*RECORDS FOR THE EXERCISE*:
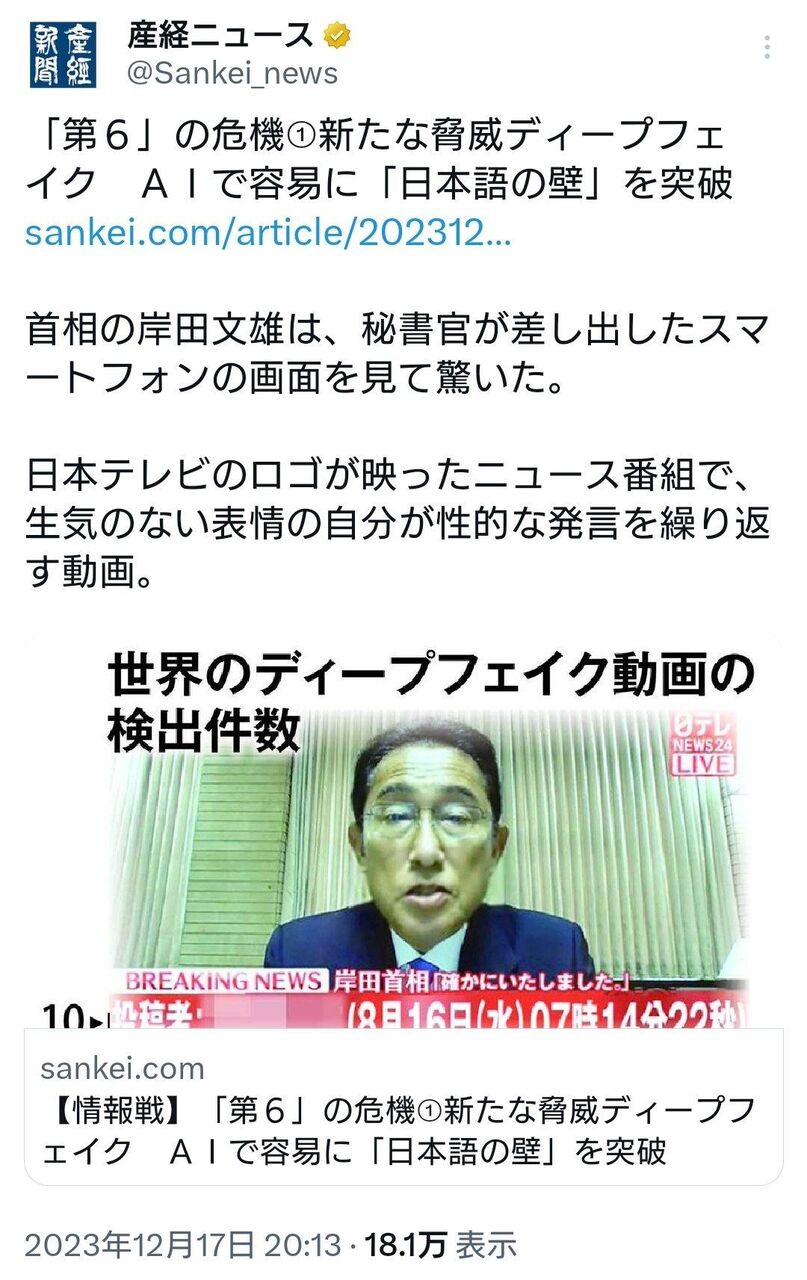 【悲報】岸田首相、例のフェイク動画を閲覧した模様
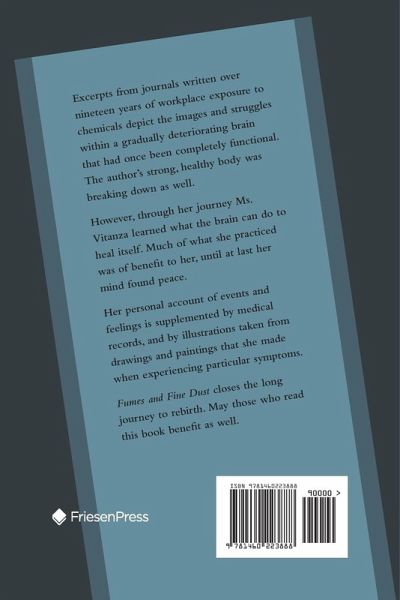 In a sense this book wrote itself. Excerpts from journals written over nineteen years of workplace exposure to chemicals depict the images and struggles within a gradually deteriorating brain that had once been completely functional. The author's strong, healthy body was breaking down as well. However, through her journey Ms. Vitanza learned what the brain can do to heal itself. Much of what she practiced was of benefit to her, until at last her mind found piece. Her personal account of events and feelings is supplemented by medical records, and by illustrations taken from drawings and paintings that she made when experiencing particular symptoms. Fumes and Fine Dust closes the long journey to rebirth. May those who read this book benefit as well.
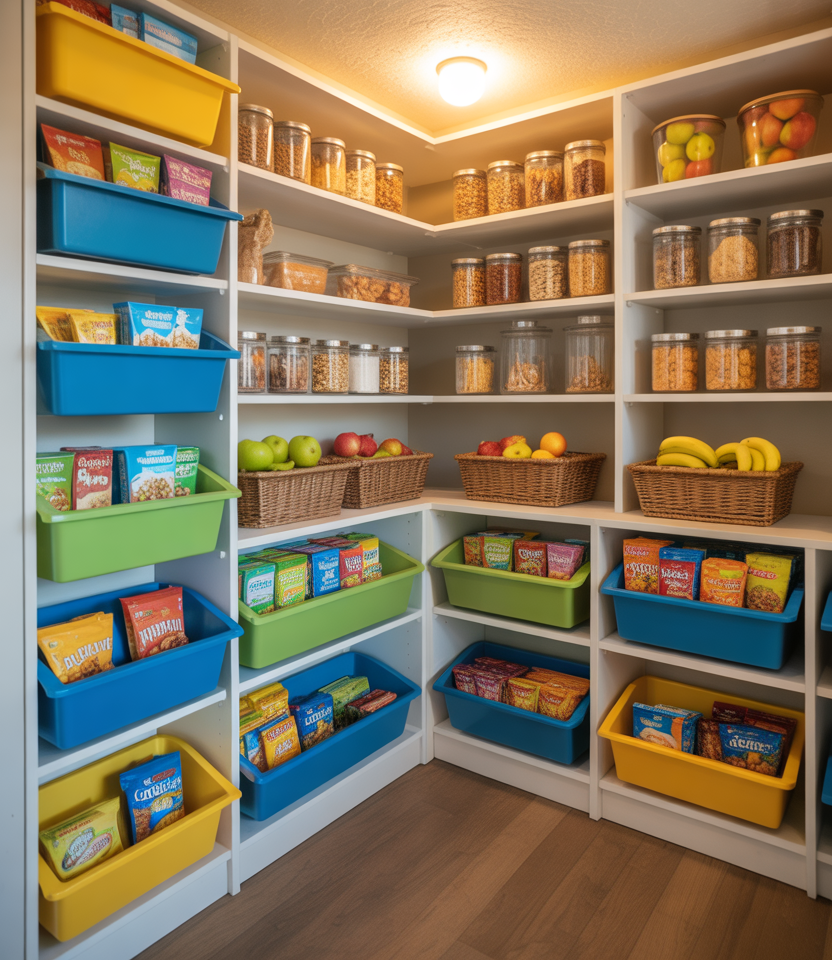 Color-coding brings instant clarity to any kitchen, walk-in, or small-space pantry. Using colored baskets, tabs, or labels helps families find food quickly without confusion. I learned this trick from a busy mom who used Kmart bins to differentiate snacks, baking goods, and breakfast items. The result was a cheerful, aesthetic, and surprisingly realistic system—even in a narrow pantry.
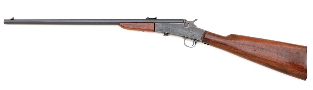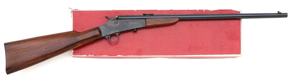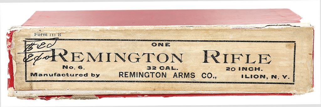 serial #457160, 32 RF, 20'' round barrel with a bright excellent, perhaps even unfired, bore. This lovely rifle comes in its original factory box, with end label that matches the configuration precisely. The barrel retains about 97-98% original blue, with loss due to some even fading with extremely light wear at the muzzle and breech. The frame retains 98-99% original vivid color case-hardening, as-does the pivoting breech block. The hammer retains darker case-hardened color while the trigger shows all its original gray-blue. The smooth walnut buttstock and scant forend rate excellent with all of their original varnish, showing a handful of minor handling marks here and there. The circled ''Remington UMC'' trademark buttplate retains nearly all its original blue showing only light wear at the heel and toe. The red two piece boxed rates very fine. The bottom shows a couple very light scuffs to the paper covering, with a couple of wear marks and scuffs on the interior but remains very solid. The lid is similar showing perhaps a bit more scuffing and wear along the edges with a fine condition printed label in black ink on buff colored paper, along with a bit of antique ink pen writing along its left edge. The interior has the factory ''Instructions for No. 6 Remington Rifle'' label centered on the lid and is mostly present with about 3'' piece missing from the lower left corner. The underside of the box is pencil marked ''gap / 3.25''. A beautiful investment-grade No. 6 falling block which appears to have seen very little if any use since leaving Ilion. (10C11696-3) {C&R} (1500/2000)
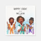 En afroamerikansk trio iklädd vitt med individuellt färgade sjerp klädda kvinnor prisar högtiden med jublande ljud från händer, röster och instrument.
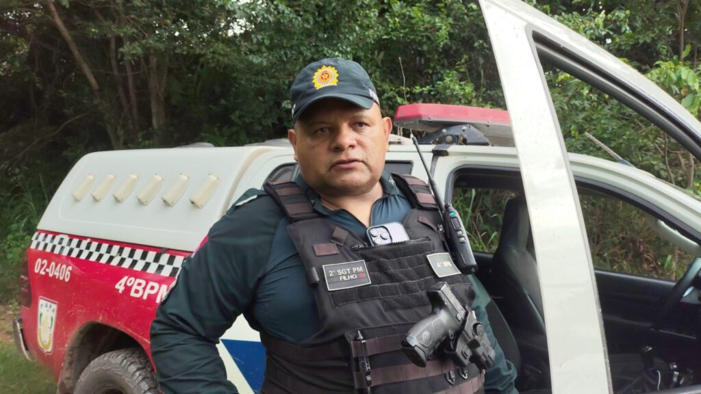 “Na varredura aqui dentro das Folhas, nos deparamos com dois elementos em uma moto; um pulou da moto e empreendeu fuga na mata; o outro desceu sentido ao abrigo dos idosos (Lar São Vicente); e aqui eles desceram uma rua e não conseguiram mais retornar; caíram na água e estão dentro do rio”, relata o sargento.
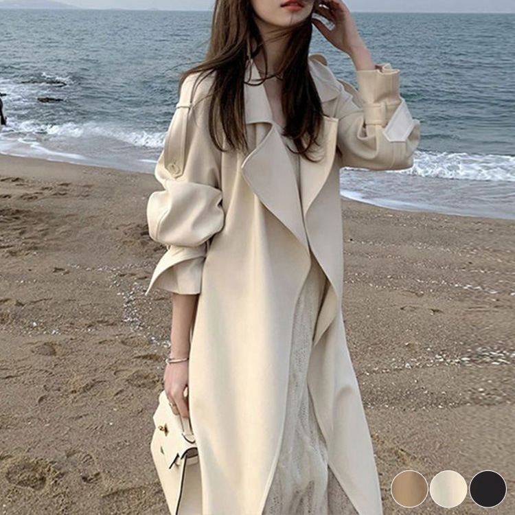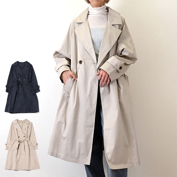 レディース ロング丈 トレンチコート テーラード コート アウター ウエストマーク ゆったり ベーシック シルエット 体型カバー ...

*EXERCISE*: Every record is to be repeated exactly, and no picture is carried over.

*ANSWER BOX*:
 【悲報】岸田首相、例のフェイク動画を閲覧した模様
 In a sense this book wrote itself. Excerpts from journals written over nineteen years of workplace exposure to chemicals depict the images and struggles within a gradually deteriorating brain that had once been completely functional. The author's strong, healthy body was breaking down as well. However, through her journey Ms. Vitanza learned what the brain can do to heal itself. Much of what she practiced was of benefit to her, until at last her mind found piece. Her personal account of events and feelings is supplemented by medical records, and by illustrations taken from drawings and paintings that she made when experiencing particular symptoms. Fumes and Fine Dust closes the long journey to rebirth. May those who read this book benefit as well.
 Color-coding brings instant clarity to any kitchen, walk-in, or small-space pantry. Using colored baskets, tabs, or labels helps families find food quickly without confusion. I learned this trick from a busy mom who used Kmart bins to differentiate snacks, baking goods, and breakfast items. The result was a cheerful, aesthetic, and surprisingly realistic system—even in a narrow pantry.
 serial #457160, 32 RF, 20'' round barrel with a bright excellent, perhaps even unfired, bore. This lovely rifle comes in its original factory box, with end label that matches the configuration precisely. The barrel retains about 97-98% original blue, with loss due to some even fading with extremely light wear at the muzzle and breech. The frame retains 98-99% original vivid color case-hardening, as-does the pivoting breech block. The hammer retains darker case-hardened color while the trigger shows all its original gray-blue. The smooth walnut buttstock and scant forend rate excellent with all of their original varnish, showing a handful of minor handling marks here and there. The circled ''Remington UMC'' trademark buttplate retains nearly all its original blue showing only light wear at the heel and toe. The red two piece boxed rates very fine. The bottom shows a couple very light scuffs to the paper covering, with a couple of wear marks and scuffs on the interior but remains very solid. The lid is similar showing perhaps a bit more scuffing and wear along the edges with a fine condition printed label in black ink on buff colored paper, along with a bit of antique ink pen writing along its left edge. The interior has the factory ''Instructions for No. 6 Remington Rifle'' label centered on the lid and is mostly present with about 3'' piece missing from the lower left corner. The underside of the box is pencil marked ''gap / 3.25''. A beautiful investment-grade No. 6 falling block which appears to have seen very little if any use since leaving Ilion. (10C11696-3) {C&R} (1500/2000)
 En afroamerikansk trio iklädd vitt med individuellt färgade sjerp klädda kvinnor prisar högtiden med jublande ljud från händer, röster och instrument.
 “Na varredura aqui dentro das Folhas, nos deparamos com dois elementos em uma moto; um pulou da moto e empreendeu fuga na mata; o outro desceu sentido ao abrigo dos idosos (Lar São Vicente); e aqui eles desceram uma rua e não conseguiram mais retornar; caíram na água e estão dentro do rio”, relata o sargento.
 レディース ロング丈 トレンチコート テーラード コート アウター ウエストマーク ゆったり ベーシック シルエット 体型カバー ...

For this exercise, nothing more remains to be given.